Weak eye muscles can heal once they are treated such as through surgery, patching, medications and even eye exercises.
Sometimes weak eye muscles can be cured completely if treated soon enough.
Eye exercises can help to strengthen eye muscles and improve your eye coordination.
Covering your stronger eye with a patch will force your weaker eye to work harder and strengthen it and in some cases eye drops or Botox injects can also help to realign your eyes.
And surgery can also be used to correct eye muscle imbalances by tightening, loosening or even repositioning the eye muscles.
And vision therapy can also help the eye muscles heal, which involves a series of exercises and activities that are designed to improve your eye coordination and focus.
The symptoms of weak eye muscles are double vision, blurred vision, droopy eyelids, eye strain, headaches, light sensitivity, difficulty in concentrating, feeling like you cannot keep your eyes open, and other symptoms such as watery eyes, pain between your eyes and forehead and burning eyes can also occur.
When your eye muscles are weak you may see two of one image, which may be horizontal or vertical and have difficulty in focusing and maintaining clear vision, especially for close up tasks and one or both of your eyelids may droop down and your eyes may be sore, tired, burn or be itchy and you may have pain in your forehead, temples around your eyes and you may have increased sensitivity to light and problems with reading, learning and other tasks that require focus.
A sensation of eye fatigue can also occur with weak eye muscles.
Weak eye muscles are caused by several different things which include eye strain, muscle disorders and even nerve damage.
Other things that can cause weak eye muscles are stroke, thyroid eye disease, and even myasthenia gravis which can all affect the muscles that are responsible for eye movement.
Even prolonged use of computer screens, tablets, and phones that you look at can lead to eye muscle weakness.
Weak eye muscles can also occur if the nerves which transmit signals to your eye muscles become damaged, like in the cases of brain tumors, head injury or stroke.
Myasthenia Gravis can also lead to weak eye muscles which is an autoimmune disorder which causes your body to attack the nerve muscle junction that leads to muscle weakness which includes the eye muscles.
Ophthalmoplegia is also another condition that can cause weak eye muscles and is the paralysis or weakness of the eye muscles and can stem or result from various different neurological causes.
Muscle disorders that can cause weak eye muscles are myotonic dystophy, Graves Disease "Thyroid Eye Disease", Kearns Sayre Syndrome, Oculopharyngeal Muscular Dystrophy and Strabismus which is eye misalignment also known as Amblyopia or Lazy eye.
Myotonic Dystrophy is a condition that is inherited and causes progressive muscle weakness that can affect your eye muscles.
Graves Disease or thyroid eye disease is an autoimmune condition in which the thyroid gland becomes overactive and the immune system then attacks your eye muscles and causes weakness and other eye problems.

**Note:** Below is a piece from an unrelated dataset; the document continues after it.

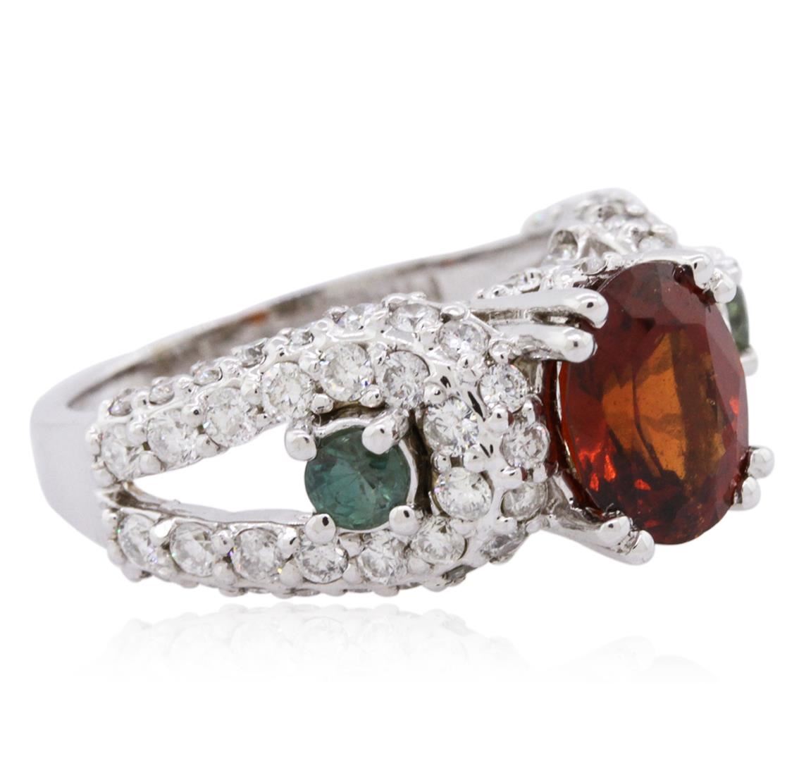One electronically tested 14KT white gold ladies cast garnet, alexandrite and diamond ring with a bright polish finish. The featured garnet is supported by diamond set split shoulders with alexandrite accents, completed by a one and one-half millimeter wide band. Identified with markings of "14K". Condition is new, good workmanship. Containing: One prong set oval brilliant cut natural pyrope garnet, measuring 8.90 x 7.30 x 4.80mm, 6%. bulge factor, approximate weight of 2.49ct., clarity is slightly included, dark, very slightly brownish, reddish orange color, (GIA rO 7/3), cut is good. Transmitting light with a minimum of distortion, transparent. Naturally occurring internal & external characteristics are present. Refractive index testing results of 1.74. This is a conclusive result for pyrope garnet. Graded in the setting. Two prong set round brilliant cut natural alexandrites, measuring 3.10 - 3.10 x 2.02 mm, approximate total weight of 0.30ct., clarity is slightly included, type II, medium dark, slightly grayish, very slightly bluish green color, (GIA vslbG 6/2) to medium light, very slightly grayish, slightly purplish red, (GIA slpR 4/3), cut is good. Transmitting light with a minimum of distortion, transparent. Naturally occurring internal & external characteristics are present. Color grade is an average for the pair. Graded in the setting. Alexandrite was discovered in the 1830's near the Tokovaya River in the Ural Mountains of Siberian Russia. It later became the national gemstone of Russia. The name "alexandrite" became official in 1842.Alexandrite is a variety of chrysoberyl. It contains both beryllium and chromium. It is the chromium that accounts for the spectacular color change. The color change is the primary qualification for a chrysoberyl to be considered alexandrite. Alexandrite is strongly trichroic. Its color change results in a near-equal transmission of the blue-green and red portions of the spectrum, coupled with strong absorption in the yellow. Today Alexandrite is found in Brazil, India, Madagascar, Myanmar, Russia, Sri Lanka, Tanzania and Zimbabwe. Seventy-Four prong set round brilliant cut diamonds, measuring 1.90 - 1.70 x 1.08mm (depth est.) approximate total weight of 74 Stones = 1.67ct. Graded in the setting. Clarity: SI-1 to I-1. Color: G - I. Total Weight of Colored Stones 2.79ct. Total Weight of Diamonds 1.67ct. Total Weight of Ring 7.52 grams. AIG Appraised at $6,535.00.

Kearns Sayre Syndrome can also cause weak eye muscles and is a mitochondrial disorder which can affect your eye muscles and cause progressive weakness or paralysis.
Oculopharyngeal Muscular Dystrophy or OPMD is a condition that can cause weakness in the eye muscles and throat muscles.
And Strabismus or Lazy eye is a condition that can result from abnormal visual development or experience early in life and affect the communication between your eyes and your brain.
The muscles that are affected by eye strain is primarily your ciliary muscles which are responsible for focusing your eyes and your extraocular muscles that control your eye movement.
When you focus too long with your eyes such as when reading or working on a computer it can cause the extraocular muscles and ciliary muscles to fatigue and cause eye strain symptoms.
Eye strain occurs when the muscles which focus your eyes become tired.
The ciliary muscles change the shape of the lens in the eye and the can also bend the lens in different ways so that you are able to focus on near or far objects.
When you use these muscles for long periods of time it can lead to eye strain.
The ciliary muscles help you see by enabling the eyes to focus on objects at different distances.
Your ciliary muscles control the shape of the eyes lens and allow it to change from a flatter shape for distant vision and then to a rounder shape for near vision which is a process called accommodation that is essential for you to have clear vision at varying distances.
The ciliary muscles are smooth muscles which surround the lens and when they contract, they then relax the zonular fibers "ligaments which hold the lens in place", which allows the lens to become more rounded and conversely when they relax, the zonular fibers become taut and flatten the lens.
If the ciliary muscles are weakened it causes difficulty in focusing on objects at various distances and most specifically at near distances.
When the ciliary muscles are weakened it can result in presbyopia as well as the age related loss of accommodation ability and require corrective lenses to see things clearly at a close range.
If the ciliary muscles do not work properly then you may experience blurry vision, and most particularly blurry vision at near distances.
And if the ciliary muscles don't work properly you can also have difficulty in focusing on objects that are close up which is often associated with presbyopia, which is a condition that affects your eye's ability to accommodate or change shape and to focus on near objects.